To develop the synergistic effect, a small proportion of triazolopyrimidine derivative of the formula I is already sufficient. Triazolopyrimidine derivative and azole are preferably used in a weight ratio in the range from 100: 1 to 1: 100, preferably 20: 1 to 1:20 , in particular 10: 1 to 1:10.

Because of the basic character of the nitrogen atoms contained in them, the compounds I and II to XVIII are able to form salts or adducts with inorganic or organic acids or with metal ions.

Examples of inorganic acids are hydrohalic acids such as hydrogen fluoride, hydrogen chloride, hydrogen bromide and hydrogen iodide, sulfuric acid, phosphoric acid and nitric acid.

Examples of organic acids are formic acid, carbonic acid and alkanoic acids such as acetic acid, trifluoroacetic acid,

Trichloroacetic acid and propionic acid as well as glycolic acid, thiocyanic acid, lactic acid, succinic acid, citric acid, benzoic acid, cinnamic acid, oxalic acid, alkylsulfonic acids (sulfonic acids with straight-chain or branched alkyl radicals with 1 to 20 carbon atoms), arylsulfonic acids or disulfonic acids such as aromatic res and naphthyl which carry one or two sulfonic acid groups), alkylphosphonic acids (phosphonic acids with straight-chain or branched alkyl radicals having 1 to 20 carbon atoms), arylphosphonic acids or diphosphonic acids (aromatic radicals such as phenyl and naphthyl which carry one or two phosphoric acid radicals), the alkyl or Aryl radicals can carry further substituents, for example p-toluenesulfonic acid, salicylic acid, p-amino salicylic acid, 2-phenoxybenzoic acid, 2-acetoxybenzoic acid etc.

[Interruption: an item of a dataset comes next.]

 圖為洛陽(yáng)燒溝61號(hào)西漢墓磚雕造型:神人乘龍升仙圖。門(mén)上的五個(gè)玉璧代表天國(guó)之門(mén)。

In particular, the ions of the elements of the first to eighth subgroups, especially chromium, manganese, iron, cobalt, nickel, copper, zinc and in addition to the second main group, especially calcium and magnesium, the third and fourth main group, in particular aluminum, come as metal ions. Tin and lead into consideration. The metals can optionally be present in different valences. Mixtures of the triazolopyrimidine derivative of the formula I with bromuconazole are preferred.

Mixtures of the triazolopyrimidine derivative of the formula I with difenoconazole are preferred.

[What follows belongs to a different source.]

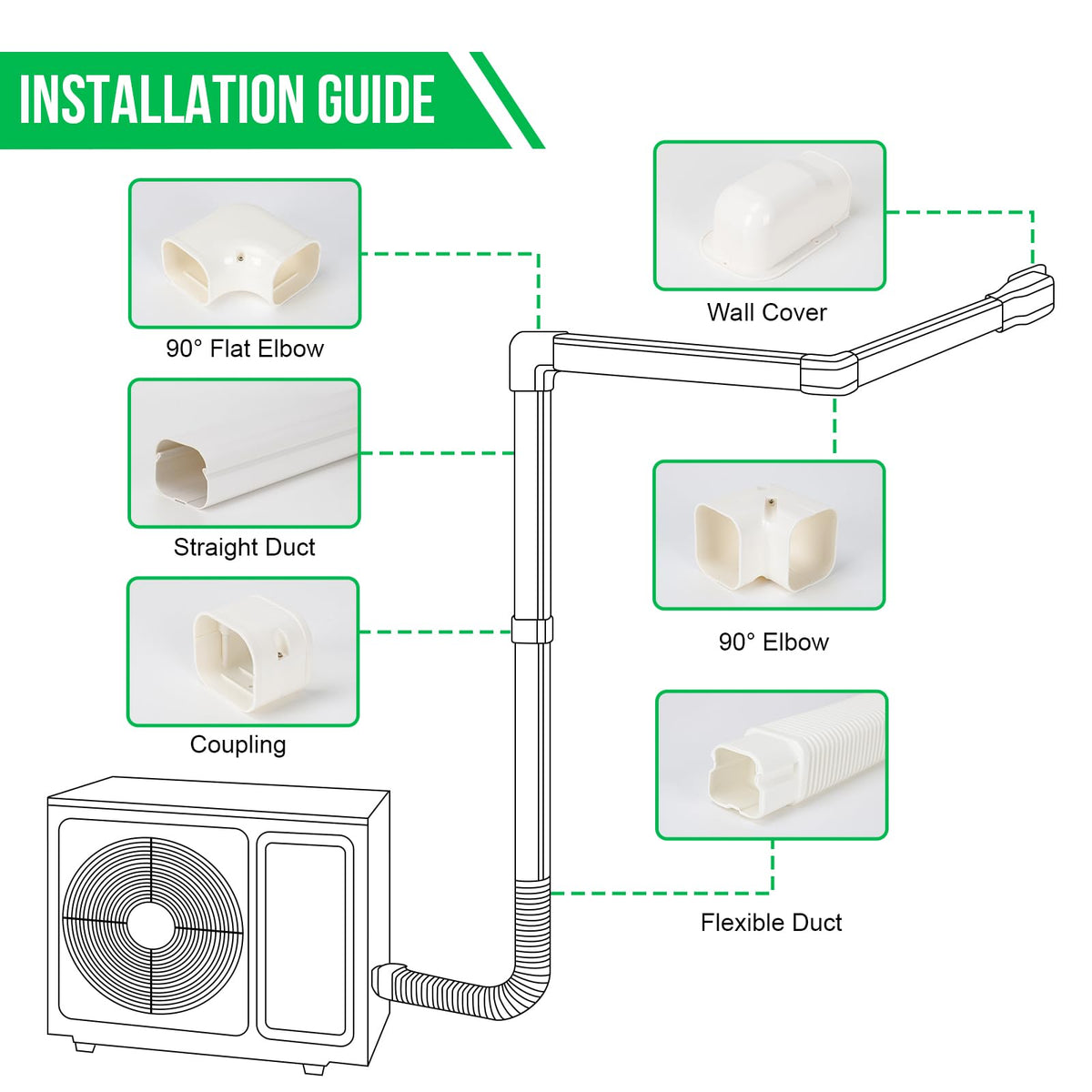 Q: What is included in the Kerykwan Mini Split AC Line Cover Kit?A: The kit includes four straight ducts measuring 4 inches wide and 39.3 inches long, three coupling pieces, two types of 90° flat elbows, a wall cover, and a flexible duct, providing a complete solution for your installation needs.

Mixtures of the triazolopyrimidine derivative of the formula I with diniconazole are preferred.

Mixtures of the triazolopyrimidine derivative of the formula I with fenbuconazole are preferred.

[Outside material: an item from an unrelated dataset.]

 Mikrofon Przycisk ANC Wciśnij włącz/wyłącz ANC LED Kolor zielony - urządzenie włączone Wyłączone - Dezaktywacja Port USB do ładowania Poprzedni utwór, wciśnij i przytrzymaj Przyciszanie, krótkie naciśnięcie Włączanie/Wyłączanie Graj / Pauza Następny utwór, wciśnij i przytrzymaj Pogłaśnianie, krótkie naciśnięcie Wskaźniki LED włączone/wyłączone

Mixtures of the triazolopyrimidine derivative of the formula I with fluquinconazole are preferred.

Mixtures of the triazolopyrimidine derivative of the formula I with flusilazoles are preferred.

Mixtures of the triazolopyrimidine derivative of the formula I with hexaconazoles are preferred.

Mixtures of the triazolopyrimidine derivative of the formula I with prochloraz are preferred.

Mixtures of the triazolopyrimidine derivative of the formula I with tetraconazoles are preferred.

Mixtures of the triazolopyrimidine derivative of the formula I with triflumizoles are preferred.

Mixtures of the triazolopyrimidine derivative of the formula I with flutriafol are preferred.

Mixtures of the triazolopyrimidine derivative of the formula I with myclobutanil are preferred.

Mixtures of the triazolopyrimidine derivative of the formula I with penconazole are preferred.

Mixtures of the triazolopyrimidine derivative of the formula I with simeconazole are preferred.

Mixtures of the triazolopyrimidine derivative of the formula I with ipconazole are preferred.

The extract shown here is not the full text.